Lavalle nie zdążył pohamować westchnienia. Nie mogła się mu dziwić; sama odniosła wrażenie, jakby ktoś nagle zerwał wykładzinę ze schodów i gwałtownie za nią pociągnął. Nie słyszy. Taniec. Muzyka. Och, rany, co ona najlepszego narobiła? Po co ona w to brnęła? Kątem oka zobaczyła, jak przyjaciel unosi dłoń do ust i z rezygnacją zaczyna ścierać z nich szminkę.
Obydwoje wzdrygnęli się, gdy napiętą ciszę raz jeszcze przerwał głośny śmiech pani Kim.
— Żartuję, żartuję. Ja jestem prawie ślepa i mam czelność wam mówić, jak macie się ruszać. Ha-ha — Constantine uśmiechnęła się niezręcznie, gdy nauczycielka poklepała ją po barku i zabrała dłoń. — Zobaczymy, co z tego wyjdzie. Nasz teatr jest otwarty na każdą dziewczynkę. Spróbować zawsze warto, jeżeli się nie uda, to przecież nie wyrzucimy Liv na ulicę, jakieś zajęcie się znajdzie... — Zestresowana czekała aż Kim przestanie obmacywać Lavalle'a; chłopiec spoglądał ze strachem w dół, jakby liczył na to, że wyrośnie mu tymczasowy biust, ale dłonie kobiety i tak w te miejsca nie zawędrowały. Nigdy tego nie robiły, zawsze oceniała wyłącznie mięśnie ramion, pleców, nóg, czasami talię. — Hmm... — Constantine otarła ukradkiem pot z brwi, gdy Kim zmrużyła powieki i wymamrotała coś sama do siebie. — Wydaje się w porządku, ale jesteś bardzo biała, kochanie. Bielutka jak śnieg.
Constantine zaimitowała przypadkowe gesty, licząc na to, że żadna z artystek teatru nie znała języka migowego albo przynajmniej nie mogła z tej odległości niczego dobrze zrozumieć. Lavalle z krzywym uśmiechem spróbował tego samego.
— Liv jest albinoską po mamie — wyznała wreszcie cicho, na co chłopiec natychmiast uciekł wzrokiem w odległym kierunku. Kłamstwo z domieszką prawdy było jednak lepsze od zupełnego kłamstwa. — To dlatego jest taka biała.
Głosy pozostałych dziewcząt stawały się coraz głośniejsze. Najwięcej do powiedzenia miały oczywiście Mia i Heather.
— Nie kojarzę dziewczyny albinoski. Tylko chłopaka, ale z młodszych klas, nie pamiętam jak miał na imię.
— No właśnie. Wydawało mi się, że nie mamy więcej takich...

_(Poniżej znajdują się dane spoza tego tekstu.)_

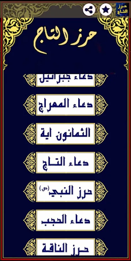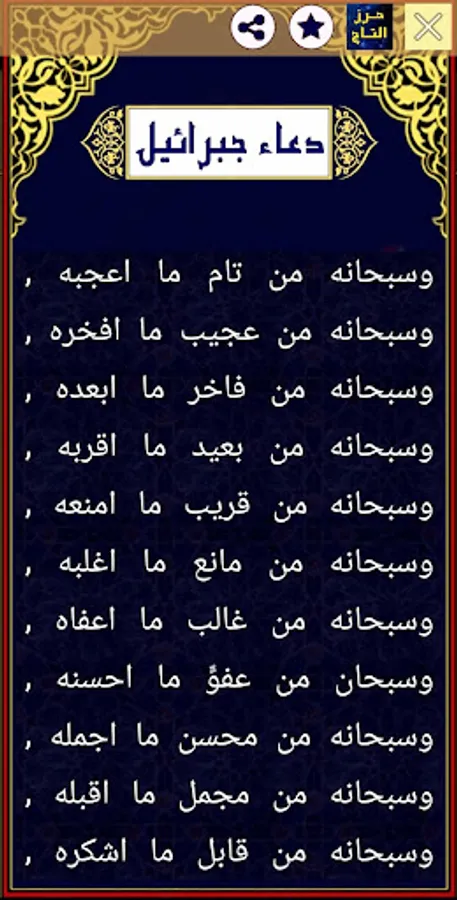 The prayer of Gabriel, the score of the she-camel, the score of the greatest Prophet, peace and blessings be upon him, the eighty verses, the supplication of the cup, the supplication of the Ascension, the veil and the crown.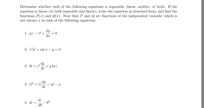 Write a first order linear differential equation in standard form. The expression x 1 2 x 2 has non linear terms in it but the function it defines is linear because it is equivalent to 2 x 1.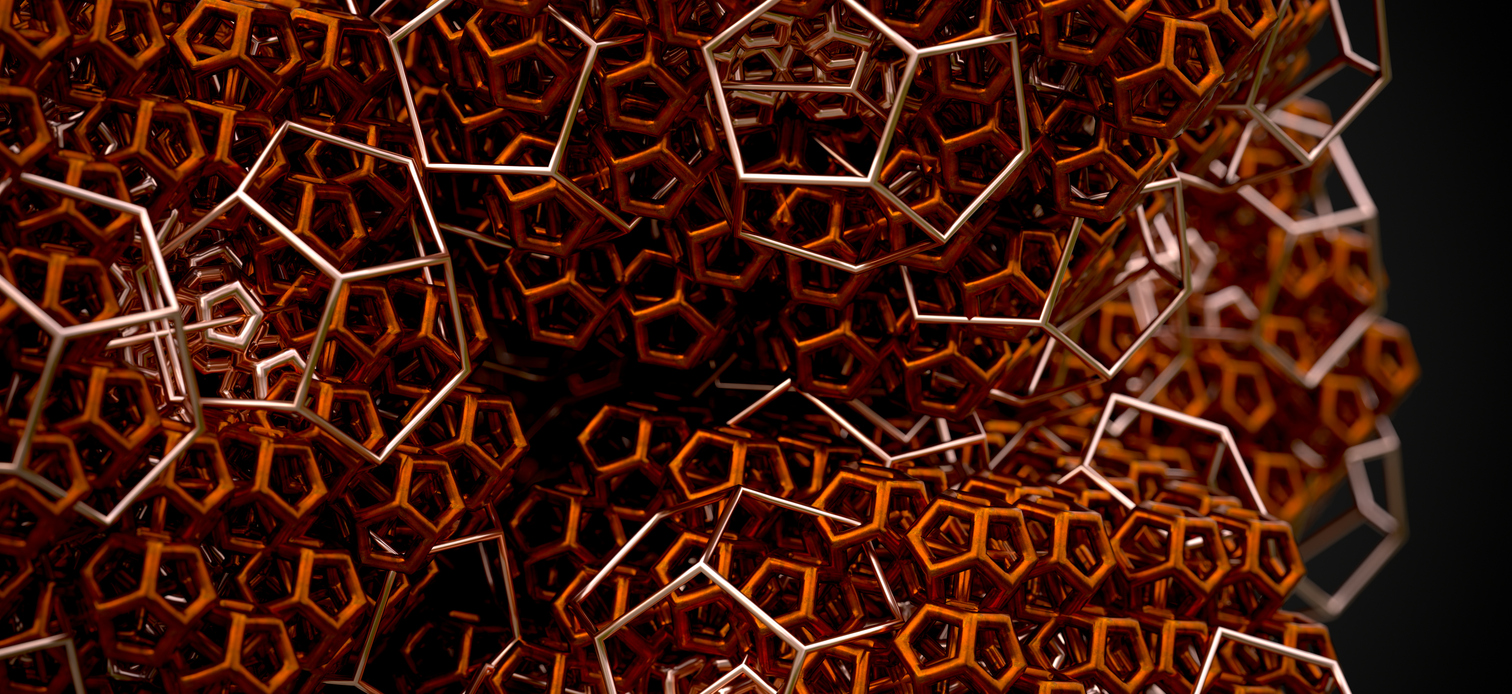 3D computer generated fractal abstract geometric metallic object details isolated on infinite background
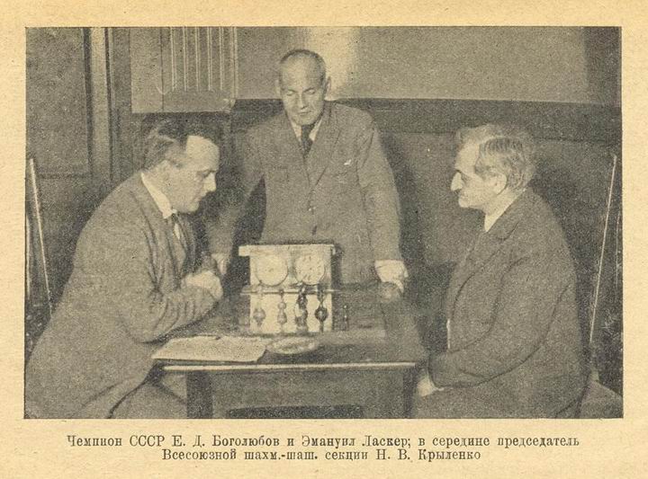 Первый московский международный, 1925 год. Боголюбов против Ласкера, за игрой наблюдает Крыленко.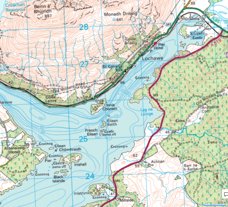 - Fraoch Eilean (NN109:252) – ruined 13th century castle showing hall and courtyard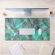 Elegant Abstract Turquoise Marble Opal Monogrammed Desk Mat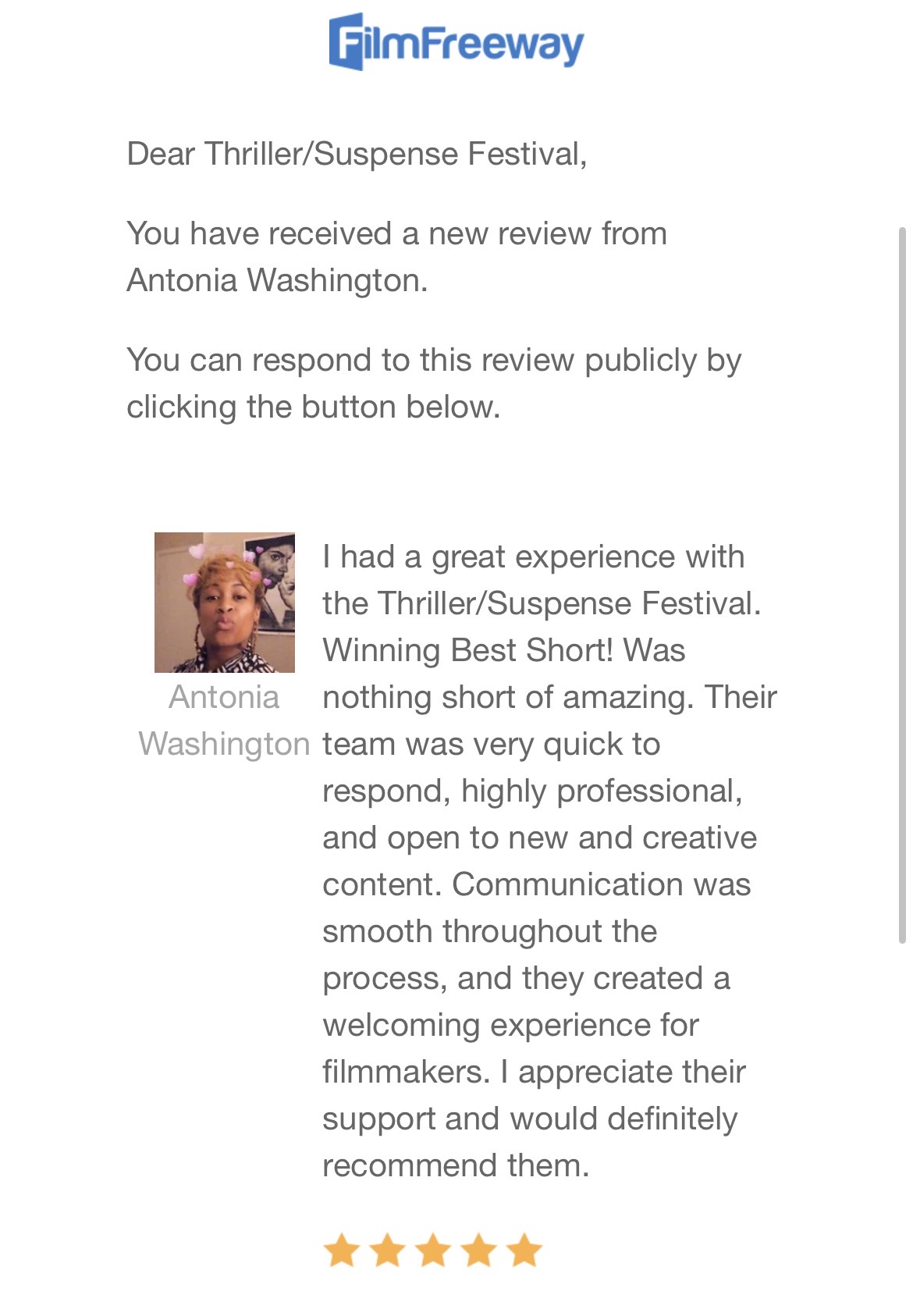 I had a great experience with the Thriller/Suspense Festival. Winning Best Short! Was nothing short of amazing. Their team was very quick to respond, highly professional, and open to new and creative content. Communication was smooth throughout the process, and they created a welcoming experience for filmmakers. I appreciate their support and would definitely recommend them.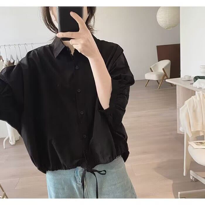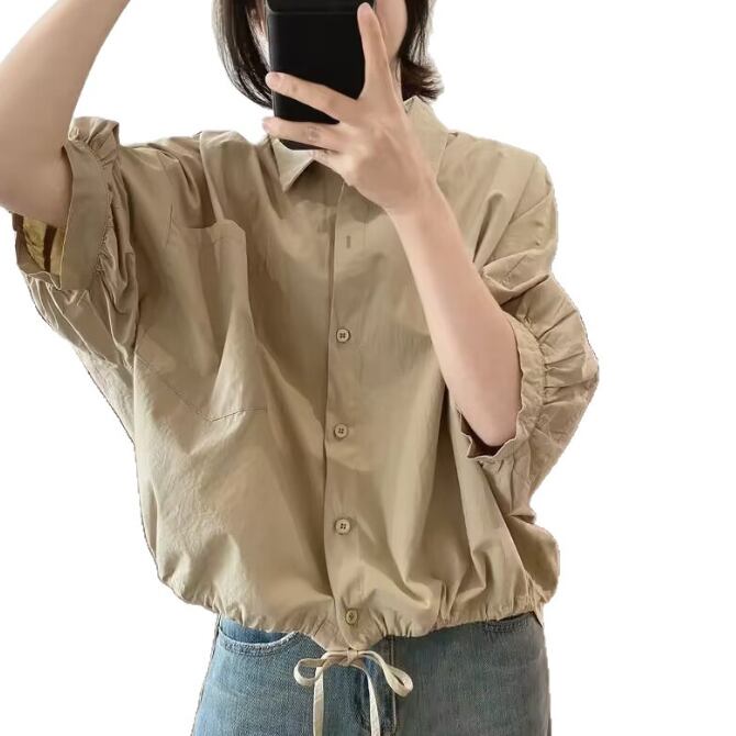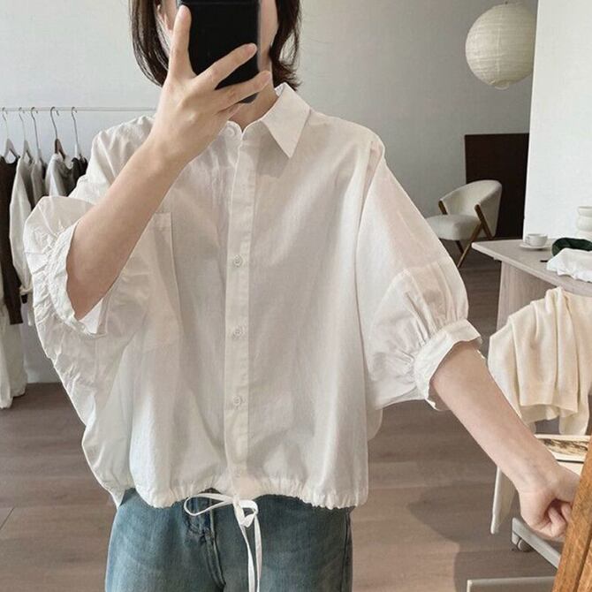 ウエストに施された紐で印象を変えられるブラウス シャツトップス

— Ja kojarzę — Wcięła się pogodnie pani Kim, na co Lavalle drgnął zszokowany. — I wydaje mi się, że nawet znałam twoją mamę, Liv. Czy ona nie nazywała się Inger? — Chłopiec już otwierał usta, na szczęście Constantine zdołała pomachać mu groźnie palcami przed twarzą i zaimotować przekazanie wiadomości.

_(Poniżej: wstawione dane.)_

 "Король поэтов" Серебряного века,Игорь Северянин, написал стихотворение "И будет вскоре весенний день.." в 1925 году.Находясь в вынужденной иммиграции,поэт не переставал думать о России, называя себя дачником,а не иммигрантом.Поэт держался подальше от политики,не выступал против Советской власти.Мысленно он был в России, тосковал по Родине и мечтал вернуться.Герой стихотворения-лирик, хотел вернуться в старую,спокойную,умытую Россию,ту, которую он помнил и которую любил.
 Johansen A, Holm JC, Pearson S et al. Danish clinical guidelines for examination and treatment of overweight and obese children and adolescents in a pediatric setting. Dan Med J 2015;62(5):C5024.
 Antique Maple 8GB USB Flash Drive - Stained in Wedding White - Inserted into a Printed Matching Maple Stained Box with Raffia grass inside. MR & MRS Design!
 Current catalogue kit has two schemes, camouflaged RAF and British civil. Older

Czuła się przy tym skrajnie nieprzyjemnie, ponieważ mama Lavalle'a naprawdę miała na imię Inger i Constantine nie była pewna, czy pani Kim już ich przejrzała i teraz z nich żartuje, czy może jedynie źle zapamiętała płeć jej dziecka.

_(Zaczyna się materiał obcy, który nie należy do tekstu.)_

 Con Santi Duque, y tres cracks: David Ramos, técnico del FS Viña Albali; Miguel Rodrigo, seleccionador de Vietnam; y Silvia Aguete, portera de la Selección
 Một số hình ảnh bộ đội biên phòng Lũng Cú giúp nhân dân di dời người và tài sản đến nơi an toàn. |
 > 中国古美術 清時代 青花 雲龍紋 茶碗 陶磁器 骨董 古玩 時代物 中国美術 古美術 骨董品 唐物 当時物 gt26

— Liv mówi, że tak. Jej mama miała na imię Inger.
Kim kiwnęła brodą, poprawiła szal z warkocza i łagodnym ruchem pokierowała Constantine w dół, w stronę stłoczonych w oczekiwaniu baletnic.
— To doskonale. Pora rozpoczynać próbę, niech Liv się napatrzy. Możesz jej potem powiedzieć, że... — Urwała i zsunęła się gładko z ostatniego stopnia.
Constantine obróciła się na pięcie i spojrzała na najwyższe rzędy, gdzie Lavalle usiadł już w cieniu i z lekko pochyloną głową przyglądał się kurtynom.
— Że...?
Nauczycielka klasnęła trzy razy w dłonie, sygnalizując dziewczętom, że najwyższy czas wejść na scenę.
— Że jej mama potrafiła naprawdę pięknie tańczyć.